The most recent political assassination in Yemen, according to Yemeni human rights lawyer Huda al-Sarari, happened just last month – of an imam killed in Lahj by the same method.

Mr Gilmore, Mr Comstock, and two other mercenaries from Spear who asked not to be named, said that Spear had been involved in training Emirati officers in the UAE military base in Aden. A journalist who asked to remain anonymous also told us he had seen footage of such training.

The mercenaries would not go into detail about what it had entailed, but a senior Yemeni military officer from Aden, who worked directly with the UAE himself, gave me more details.

Ansaf Mayo
Image caption,Ansaf Mayo, leader of al-Islah, who was targeted by Spear and now lives in exile

As the mercenaries’ profile had made them conspicuous in Aden and vulnerable to exposure, their brief had been changed to training Emirati officers, “who in turn trained local Yemenis to do the targeting”, the Yemeni military officer told me.

Through the course of the investigation, we also spoke to more than a dozen other Yemeni sources who said this had been the case. They included two men who said they had carried out assassinations which were not terror-related, after being trained to do so by Emirati soldiers – and one man who said he had been offered release from a UAE prison in exchange for the assassination of a senior Yemeni political figure, a mission he did not accept.
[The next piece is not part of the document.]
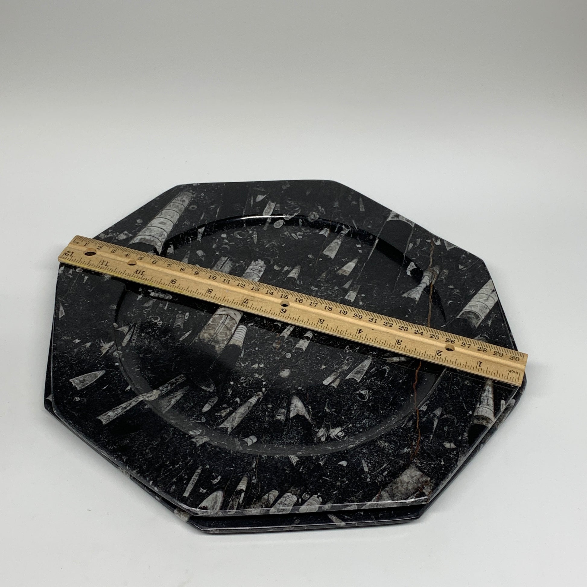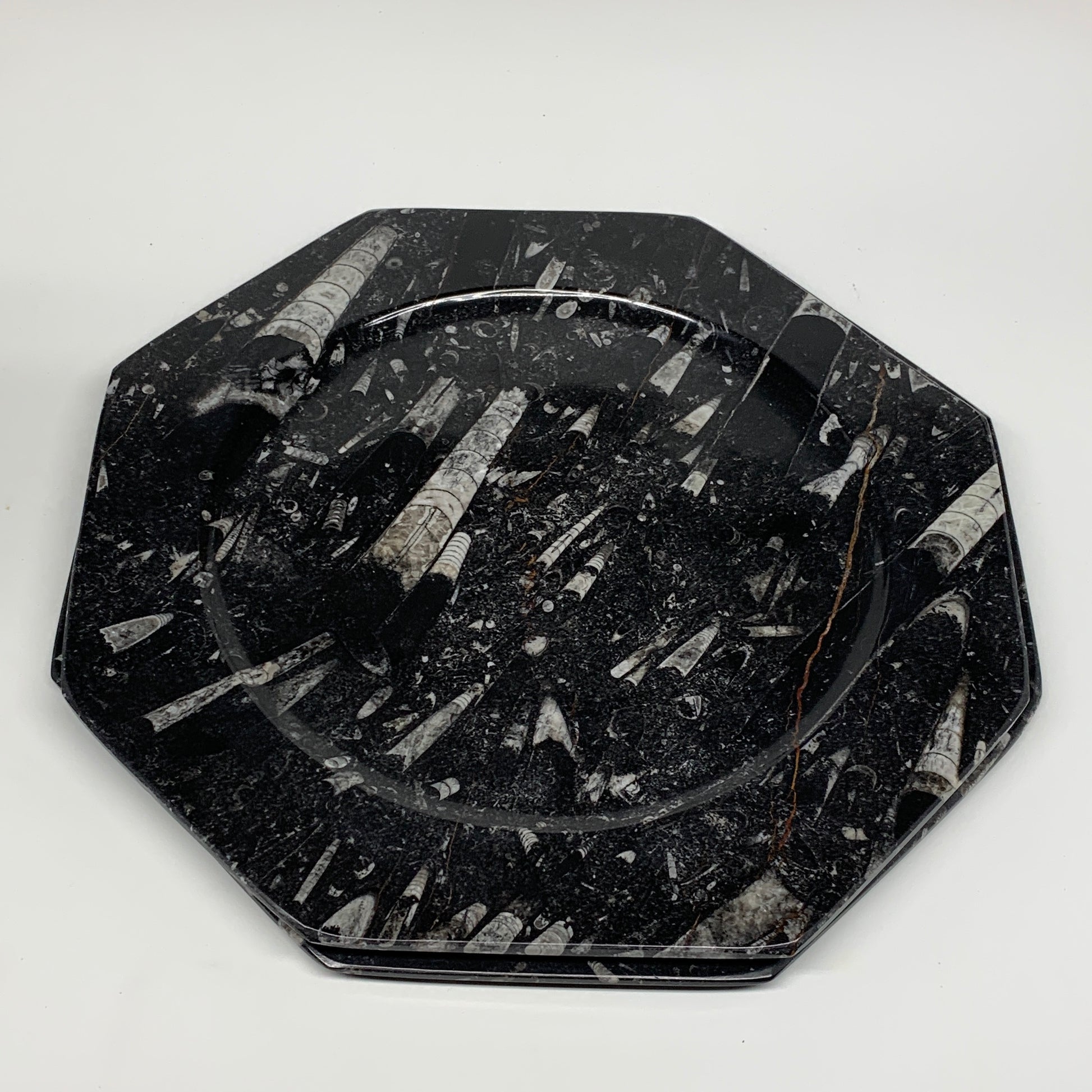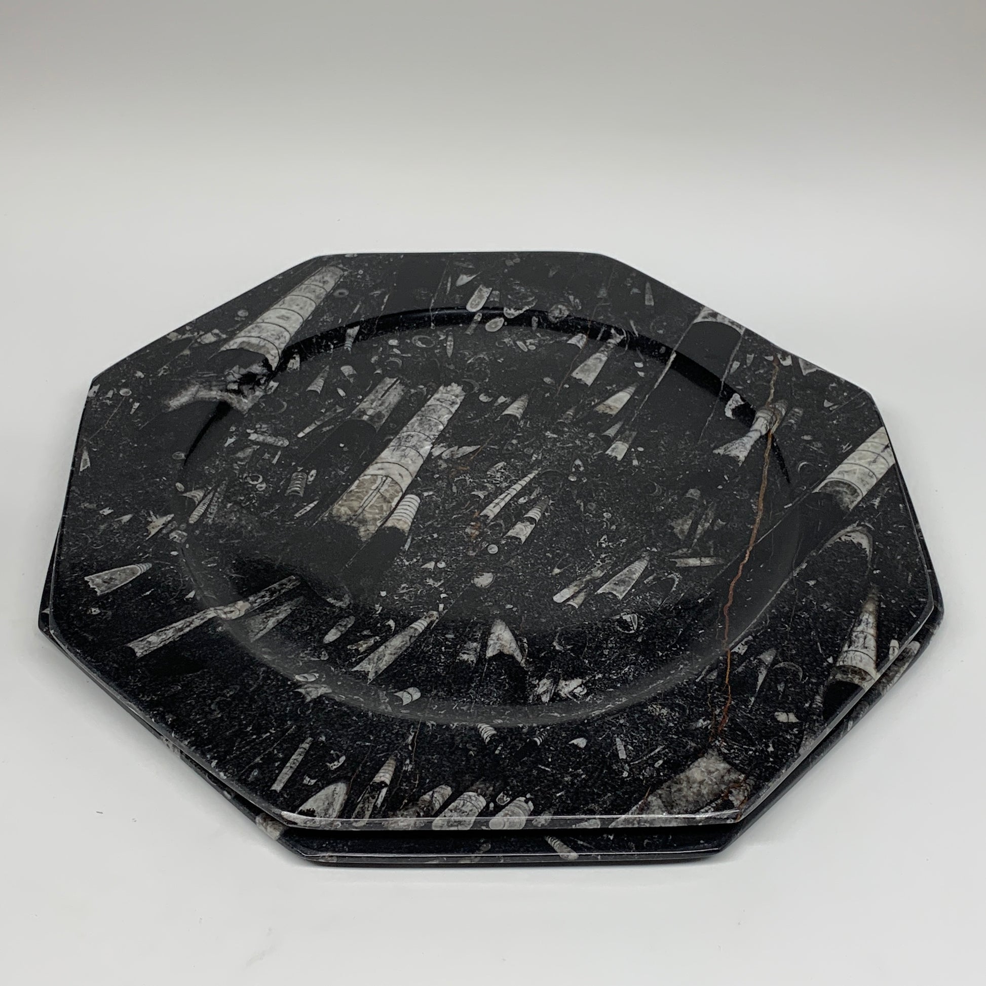 2pcs, 12" Large Octagon Shape Black Fossils Orthoceras Plates @Morocco, B8363

Getting Yemenis to conduct the assassinations meant it was harder for the killings to be traced back to the UAE.

By 2017, the UAE had helped build a paramilitary force, part of the Emirati-funded Southern Transitional Council (STC), a security organisation that runs a network of armed groups across southern Yemen.

The force operated in southern Yemen independently of the Yemeni government, and would only take orders from the UAE. The fighters were not just trained to fight on active front lines. One particular unit, the elite Counter Terrorism Unit, was trained to conduct assassinations, our whistleblower told us.

The whistleblower sent a document with 11 names of former al-Qaeda members now working in the STC, some of whose identities we were able to verify ourselves.